Optimise your IT

Data sheds light on shadow IT

Highlights
  • With good analytics, every company’s vast troves of data can yield priceless insights. Centralising data is a crucial first step.
  • IT needs to make sure other departments are using enterprise-wide systems that encompass each department’s point solutions.
  • Once data is cloud stored, IT can gain a thorough understanding of how technology is being used throughout the company.

The rise of “shadow IT” has seen various corporate departments take control of their own data and prevent central IT from managing service and costs effectively.

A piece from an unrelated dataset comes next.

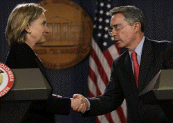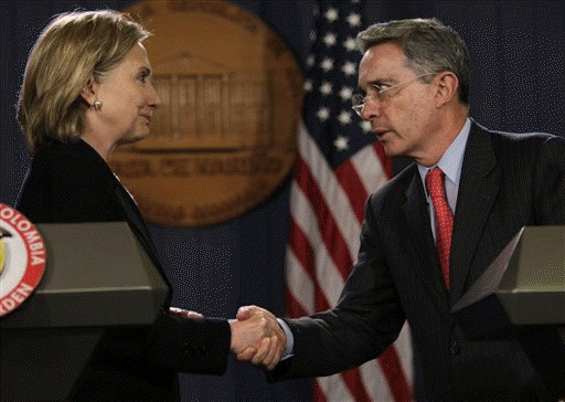 "The security threats have not completely been eliminated and therefore the United States will continue to support the Colombian military, the Colombian people and their government in their ongoing struggle," Clinton said. "There is no resting until the job is done." She raised the issue of Colombia's human rights record, cited by foes of congressional approval of a free trade agreement with Bogota. She said she had discussed "the ongoing need for vigilance and commitment" on rights with Uribe, who said his country was making progress. During her current Latin American tour, which has included stops in Peru and Ecuador, Clinton sought to overcome suspicions of U.S. intentions in several Latin American capitals. During the Bush administration, several countries in the region began a tilt to the left, led by Chavez, and some leaders complained they were being ignored by Washington. "I cannot change that and neither can President Obama," she said Tuesday in Quito, the capital of Ecuador. "Sometimes, we in America are accused of not paying enough attention to our history. But the obverse can also be true. Sometimes people are captives of their history." "So let us resolve to meet in the present, to think about what we can do to understand one another better, to be more transparent to one another, to have candid, open exchanges of different points of view," Clinton said.

The siloing of data has proved problematic for traditional IT departments, which are losing control of the bigger picture of IT demand and implementation within their organisation. When individual departments hold onto their own data, it becomes harder for an organisation to capitalise fully on big data analytics and the insights it captures every moment of every day. 

Woman in data centre

Cloud solutions and data lakes

For organisations undertaking digital transformation, it is simply not possible to recentralise everything. Departments will guard their own software and technology, figuring they understand their own requirements better than the IT department does.

Despite this, there is room for IT to reassert its role in the business through ownership of data. The cloud makes this easier, with open application programming interfaces (APIs) and virtually limitless storage and computing power.

To achieve this, IT needs to make sure departments are using enterprise-wide systems that encompass each department’s point solutions. These can include enterprise resource planning, finance, customer relationship management and, most importantly, disaster recovery and security – each contributes to the ultimate centralisation and standardisation of data collected across an organisation’s many functions, departments and silos.  

With a vast trove of cloud-stored data, traditional IT can gain a comprehensive understanding of the way technology is utilised throughout an organisation. This empowers specialists to ensure each department is operating as efficiently and effectively as possible, while not siloing data and introducing new bottlenecks.

Outcomes-first methodology

Presenting at Telstra Vantage™ 2017, software and analytics company Readify’s Managing Director, Tatham Oddie, outlined the company’s outcomes-driven methodology for deriving real-world data insights.

Unlike exploratory data analytics, which seeks to derive insights simply by sifting through a dataset for patterns, trends and correlations, an outcomes-driven methodology begins with understanding a business and the challenges it faces. It then develops clear key performance indicators and metrics for success, ensuring those involved don’t lose focus on their overall objective.

“This is where you have to go out and talk to people,” Oddie says. “People on the front line often have the best understanding of where the problem originates.” 

“A lot of organisations get this one-time amazing insight, and they put it in a report and go ‘Wow, that’s amazing!’ but then they have no way to actually run that regularly or have that available in their core business systems – a typical integration challenge.” 

Tatham Oddie, Managing Director, Readify

With a clear understanding of their purpose, the team then takes stock of the datasets available to them, selecting only those that contain information directly pertinent to the problem to sharpen the investigation’s focus and allocate technical resources.

“Often, you might only have point data – but it’s possible to extrapolate to fill in the gaps,” Oddie says. “For example, house prices don’t tend to suddenly jump up and down, they move in trends. So if there are missing years, we’ll go and extrapolate that out.”

A model is then developed and tested, often with the aid of a machine learning platform. Critically, the model is only developed using a subset of the available data – enabling the last portion to act as a proof to see if the model can accurately predict outcomes.

“A lot of organisations get this one-time amazing insight, and they put it in a report and go ‘Wow, that’s amazing!’ but then they have no way to actually run that regularly or have that available in their core business systems – a typical integration challenge, which can be resolved by optimisation and recommender algorithms,” Oddie says.

Continuous learning driven by the model’s real-world successes and failures allows revision and refinement as your dataset expands and exceptions are encountered.